涙やけ部分のべとつきや皮膚炎を清潔に保つために自宅で行うケアは、水道水で湿らせたガーゼタオルなどを用いて優しく洗いましょう。目に近い場所ですので、塗り薬のように目元に使用する薬剤、製品には注意が必要です。

眼球への刺激になるような被毛は、除去したほうがいいのですが、目元の被毛をカットした際には、伸びてきた段階で目への刺激にならないか、確認しましょう。目の近くでハサミを使用することは危険ですので、カットが必要な際は専門家に依頼しましょう。

鼻の短いパグやフレンチブルドッグのような犬種では、顔のしわ(皮膚、被毛)が眼球に触れたり、しわの間に汚れがたまり炎症を生じたりします。流涙症による皮膚炎が悪化しや すいだけでなく、眼球へ常に刺激が加わり角膜が黒くなり、視覚にも影響が出てしまいます。皮膚炎によりしわが腫れたり肥厚したりすると、さらに眼球に触れる皮膚の面積が増えるかもしれません。顔や目元だけでなく、しわの間まで観察し、ケアしましょう。

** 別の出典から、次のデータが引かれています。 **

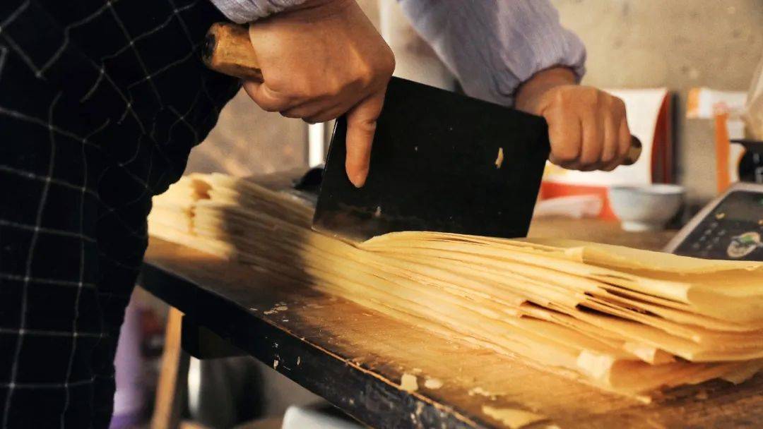 不能吃辣的小孩子也有同款配菜,可用其他食材取代辣椒,比如清炒土豆丝、大葱炒鸡蛋、芹菜炒河虾……而不论大人还是孩子,卷煎饼这件事儿都是自己动手,可选其中一样,也可每样来一勺,全看个人喜好。菜被均匀摊入掌心里那张叠成长方形的手工煎饼中,又被熟练地卷成卷儿,下端折一小块叠进去将配菜包住。卷好的煎饼卷握在手中,一口咬下去,新的一天便在熟悉的味道中铺展开来。待早餐店里那些摞得厚厚的煎饼一点点薄下来,早餐时间也慢慢过去了。
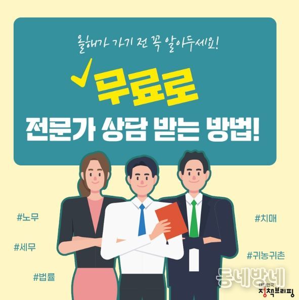 동네방네 김형규 기자 | 일상 생활에서 전문가의 도움이 필요한 경우가 많은데요. 하지만 경제적 이유나 상황에 맞는 전문가를 찾지 못해 상담을 받지 못하는 일도 많습니다. 법률, 세무, 노무, 치매, 귀농귀촌 등의 분야에서 전문가의 심도 깊은 상담을 받을 수 있는 방법을 소개합니다!
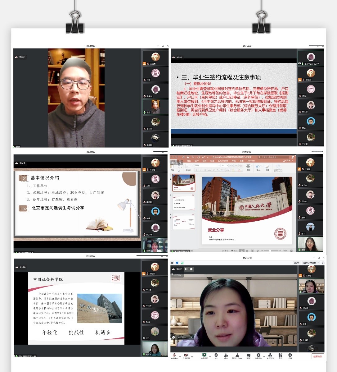 随后,三位员工依次进行了分享。就职于北京市门头沟区委组织部的张宇分享了自己在求职过程、备考过程中的经验,并强调职业选择是一个“由广到细”逐渐聚焦的过程,切忌一开始将路走窄,她还分享了北京市定向选调生考试的内容、形式与侧重点,帮助同学们更好地把握即将到来的选调考试;就职于青岛市教育局的王丹表示bevitor伟德国际1946的员工工作经历为入职后的工作打下了坚实的基础,鼓励大家以饱满的热情与坚定的信心面对求职过程,她还详细介绍了青选计划的性质、流程、环节与注意事项,建议同学们充分了解考试内容,保持心态平和,不要焦虑;就职于中国社会科公司人事教育局的靳文嘉分享了自己作为职场新人的体悟,表示当前工作具有年轻化、挑战性、机遇多的三个特点,并强调了选择、信息、心态在就业中的重要作用,建议大家面对选择保持清醒,打好就业信息战,关注自己、关注当下。
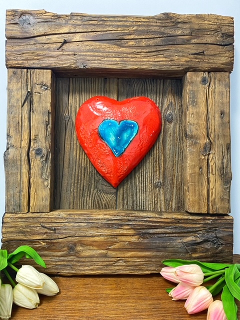 Drevený obraz vyrobený zo 100 ročného dreva namorený proti červotočom a ošetrený včelím voskom. Srdcia sú ručná keramická práca . Každý kus sa môže líšiť a obrázok má informačný charakter pretože nie je možné aby každé drevo bolo rovnaké. Takže budete vlastniť originál , ktorý nemá okrem Vás nikto. Je to štýlový doplnok do domu, chaty alebo len ako úžasný darček.

涙やけのケアにわんちゃんが協力的でない場合は、無理をせず、動物病院に相談しましょう。ケアの途中で嫌がって、眼球を傷つけてもいけませんし、飼い主様が咬まれてもいけません。

さいごに

涙やけは見た目でわかる症状のため、涙やけをターゲットにした製品は多く存在します。 安心、安全な製品選びのためにも動物病院で相談してください。

涙は目の異物感や鼻涙管の異常だけでなく、目の痛みによって出ている場合もあります。眼球の深い傷や眼球内の異常など、失明につながる怖い病気もあります。涙が出ているだけというあまり心配なさそうな症状でも、いつもと違う症状は動物病院で診察を受けましょう。